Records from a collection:
=-=-=-=-=
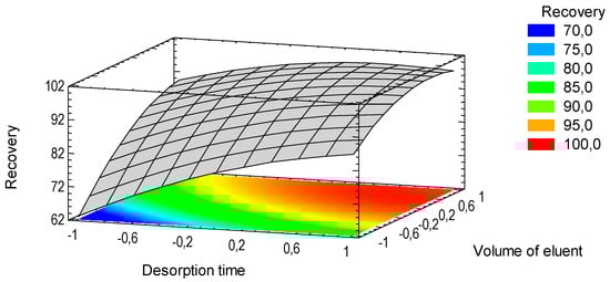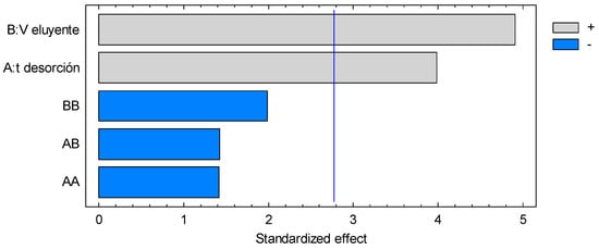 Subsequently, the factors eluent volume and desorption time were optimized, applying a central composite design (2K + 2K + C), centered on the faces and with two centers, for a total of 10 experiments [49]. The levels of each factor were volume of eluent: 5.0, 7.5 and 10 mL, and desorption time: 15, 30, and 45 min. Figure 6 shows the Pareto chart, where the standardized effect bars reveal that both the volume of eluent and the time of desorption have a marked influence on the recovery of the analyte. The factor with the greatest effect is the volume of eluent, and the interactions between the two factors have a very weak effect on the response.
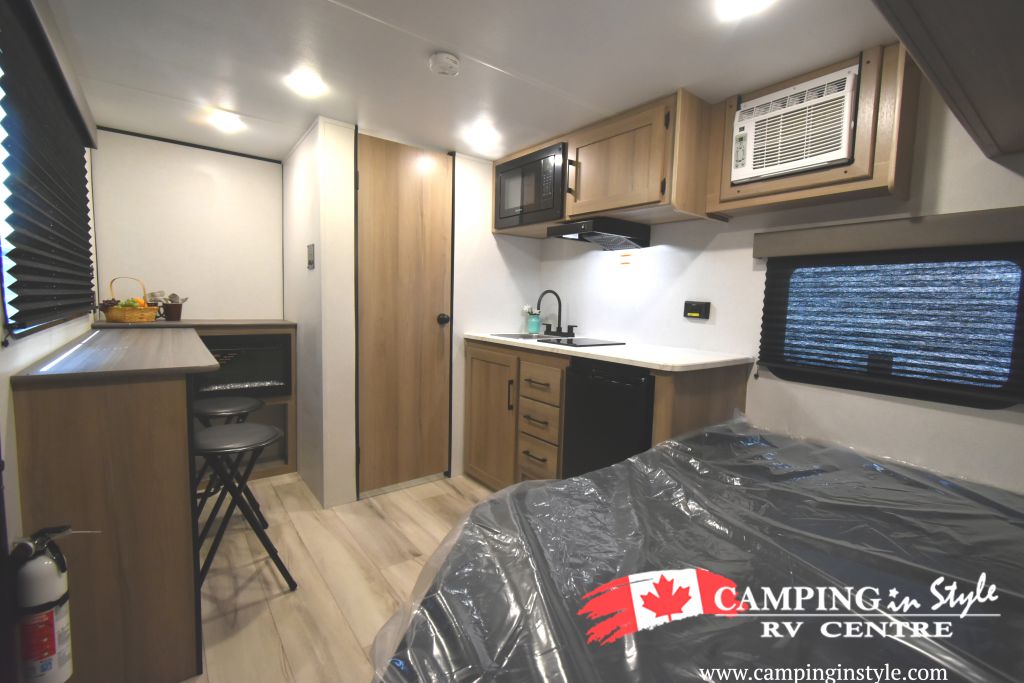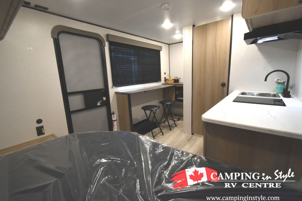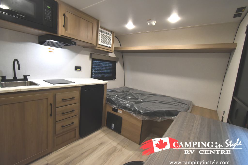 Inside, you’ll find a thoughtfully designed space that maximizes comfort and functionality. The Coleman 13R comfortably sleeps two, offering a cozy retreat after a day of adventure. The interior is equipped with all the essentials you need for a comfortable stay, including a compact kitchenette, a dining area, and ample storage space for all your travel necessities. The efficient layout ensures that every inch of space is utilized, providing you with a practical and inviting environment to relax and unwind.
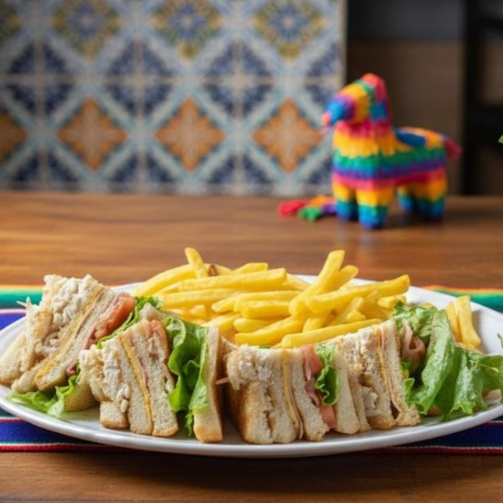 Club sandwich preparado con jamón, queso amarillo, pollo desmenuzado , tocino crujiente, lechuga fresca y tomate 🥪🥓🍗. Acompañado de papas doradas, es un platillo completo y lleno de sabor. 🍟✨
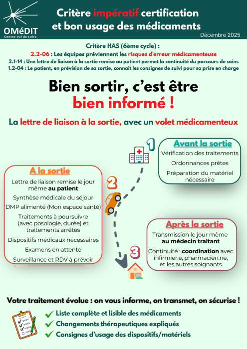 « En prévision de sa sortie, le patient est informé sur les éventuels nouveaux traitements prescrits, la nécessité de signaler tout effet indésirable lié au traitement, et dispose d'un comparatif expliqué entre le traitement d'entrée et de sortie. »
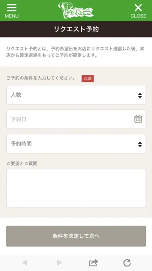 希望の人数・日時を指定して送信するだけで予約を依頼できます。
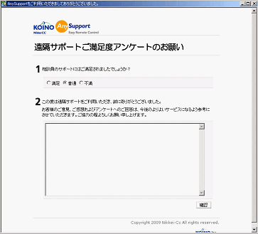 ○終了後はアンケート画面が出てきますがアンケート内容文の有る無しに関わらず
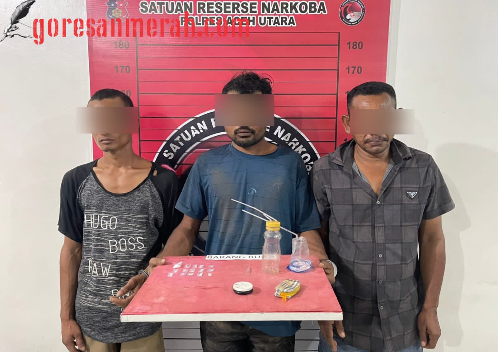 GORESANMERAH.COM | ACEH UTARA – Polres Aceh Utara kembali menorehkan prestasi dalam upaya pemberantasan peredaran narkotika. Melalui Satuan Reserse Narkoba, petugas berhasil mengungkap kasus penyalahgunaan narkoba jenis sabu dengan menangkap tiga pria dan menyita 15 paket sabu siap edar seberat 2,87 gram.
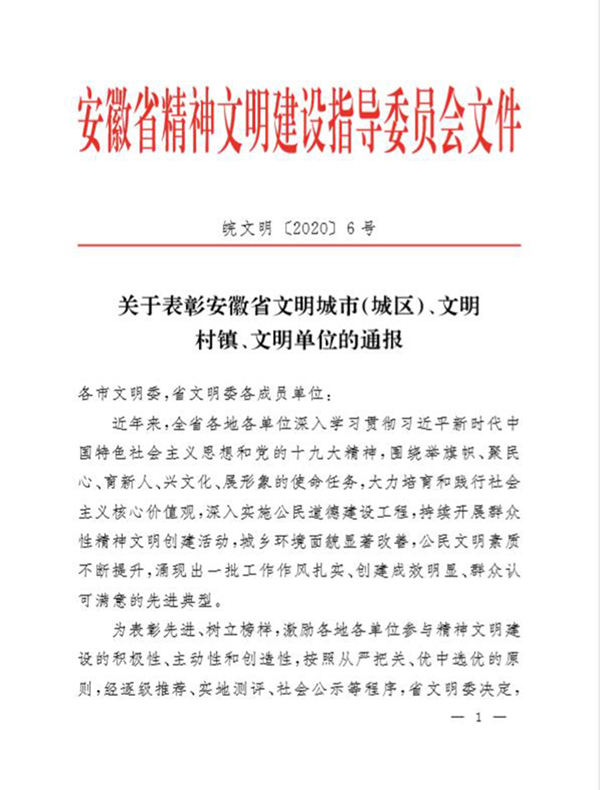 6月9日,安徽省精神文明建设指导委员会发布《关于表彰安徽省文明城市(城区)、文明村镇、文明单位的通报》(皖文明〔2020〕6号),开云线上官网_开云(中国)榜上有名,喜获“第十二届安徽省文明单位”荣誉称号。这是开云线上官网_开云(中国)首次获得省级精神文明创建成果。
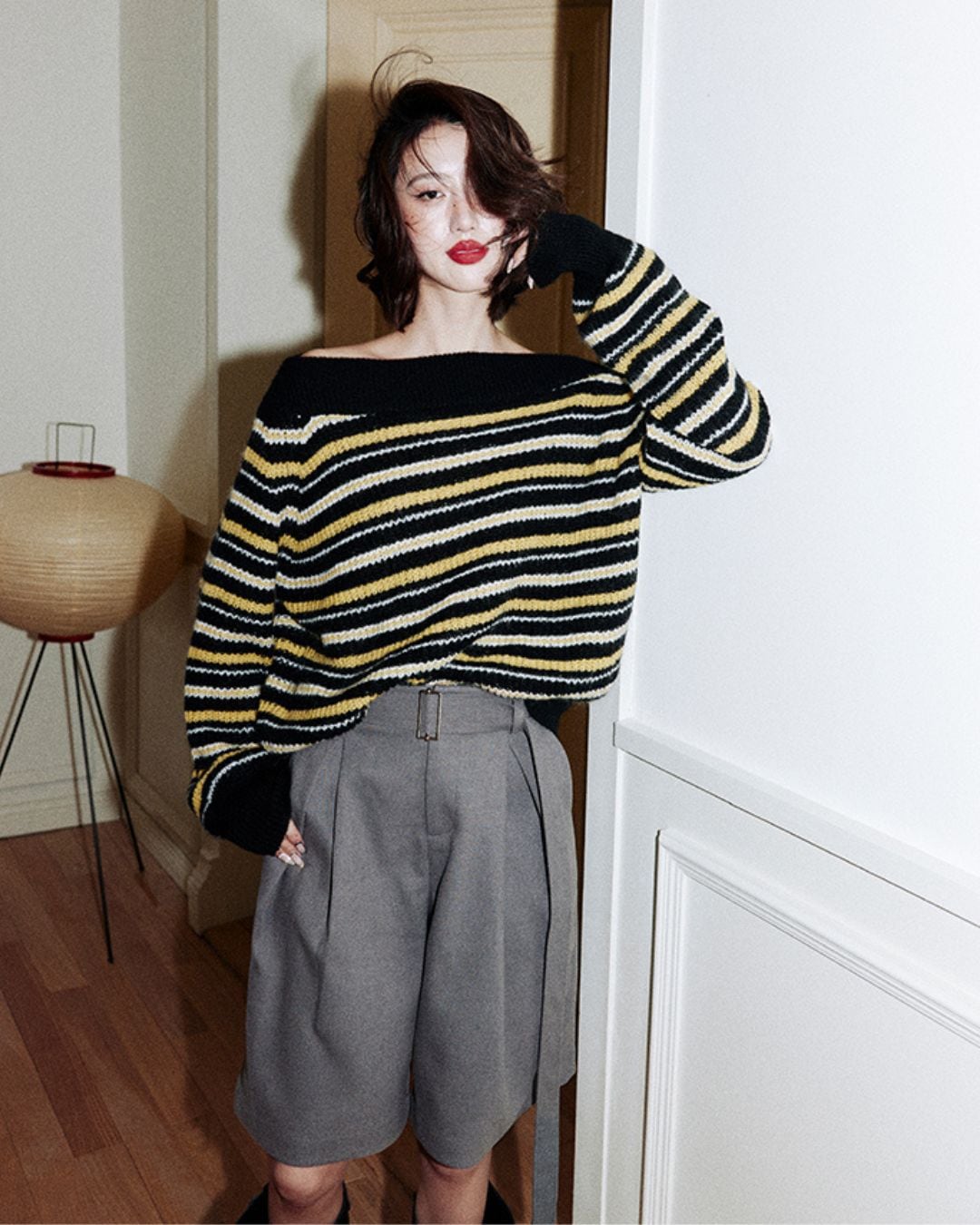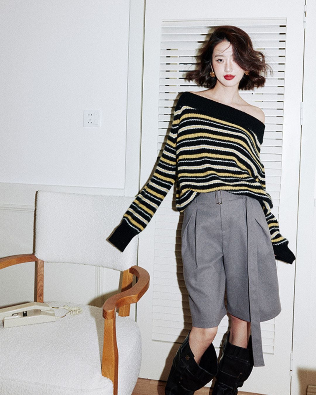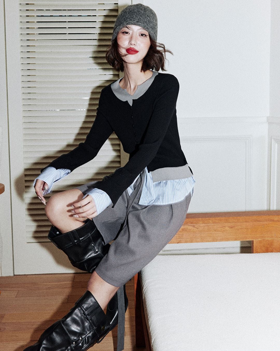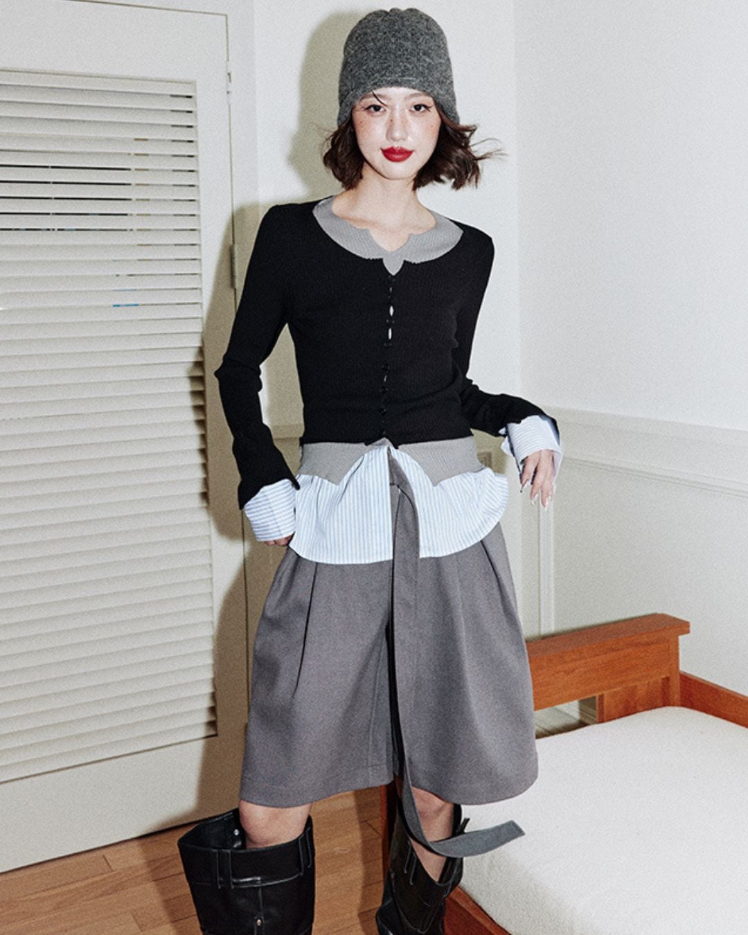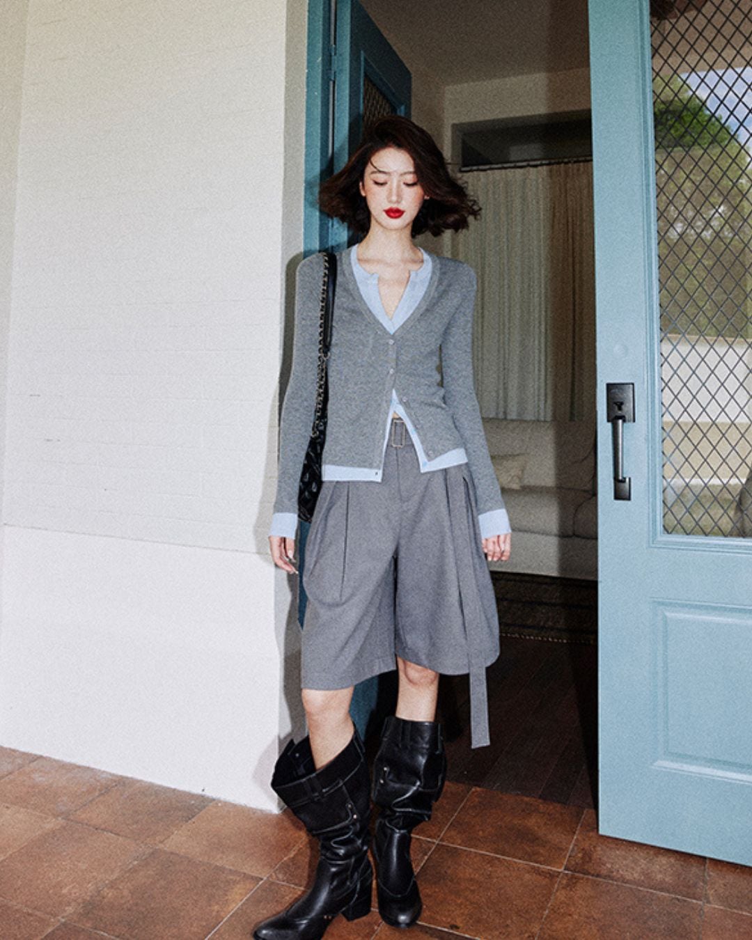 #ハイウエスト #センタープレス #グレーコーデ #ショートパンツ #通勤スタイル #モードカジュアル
=-=-=-=-=
Problem to solve: With the images omitted, repeat all the data word for word.

Written response:
 Subsequently, the factors eluent volume and desorption time were optimized, applying a central composite design (2K + 2K + C), centered on the faces and with two centers, for a total of 10 experiments [49]. The levels of each factor were volume of eluent: 5.0, 7.5 and 10 mL, and desorption time: 15, 30, and 45 min. Figure 6 shows the Pareto chart, where the standardized effect bars reveal that both the volume of eluent and the time of desorption have a marked influence on the recovery of the analyte. The factor with the greatest effect is the volume of eluent, and the interactions between the two factors have a very weak effect on the response.
 Inside, you’ll find a thoughtfully designed space that maximizes comfort and functionality. The Coleman 13R comfortably sleeps two, offering a cozy retreat after a day of adventure. The interior is equipped with all the essentials you need for a comfortable stay, including a compact kitchenette, a dining area, and ample storage space for all your travel necessities. The efficient layout ensures that every inch of space is utilized, providing you with a practical and inviting environment to relax and unwind.
 Club sandwich preparado con jamón, queso amarillo, pollo desmenuzado , tocino crujiente, lechuga fresca y tomate 🥪🥓🍗. Acompañado de papas doradas, es un platillo completo y lleno de sabor. 🍟✨
 « En prévision de sa sortie, le patient est informé sur les éventuels nouveaux traitements prescrits, la nécessité de signaler tout effet indésirable lié au traitement, et dispose d'un comparatif expliqué entre le traitement d'entrée et de sortie. »
 希望の人数・日時を指定して送信するだけで予約を依頼できます。
 ○終了後はアンケート画面が出てきますがアンケート内容文の有る無しに関わらず
 GORESANMERAH.COM | ACEH UTARA – Polres Aceh Utara kembali menorehkan prestasi dalam upaya pemberantasan peredaran narkotika. Melalui Satuan Reserse Narkoba, petugas berhasil mengungkap kasus penyalahgunaan narkoba jenis sabu dengan menangkap tiga pria dan menyita 15 paket sabu siap edar seberat 2,87 gram.
 6月9日,安徽省精神文明建设指导委员会发布《关于表彰安徽省文明城市(城区)、文明村镇、文明单位的通报》(皖文明〔2020〕6号),开云线上官网_开云(中国)榜上有名,喜获“第十二届安徽省文明单位”荣誉称号。这是开云线上官网_开云(中国)首次获得省级精神文明创建成果。
 #ハイウエスト #センタープレス #グレーコーデ #ショートパンツ #通勤スタイル #モードカジュアル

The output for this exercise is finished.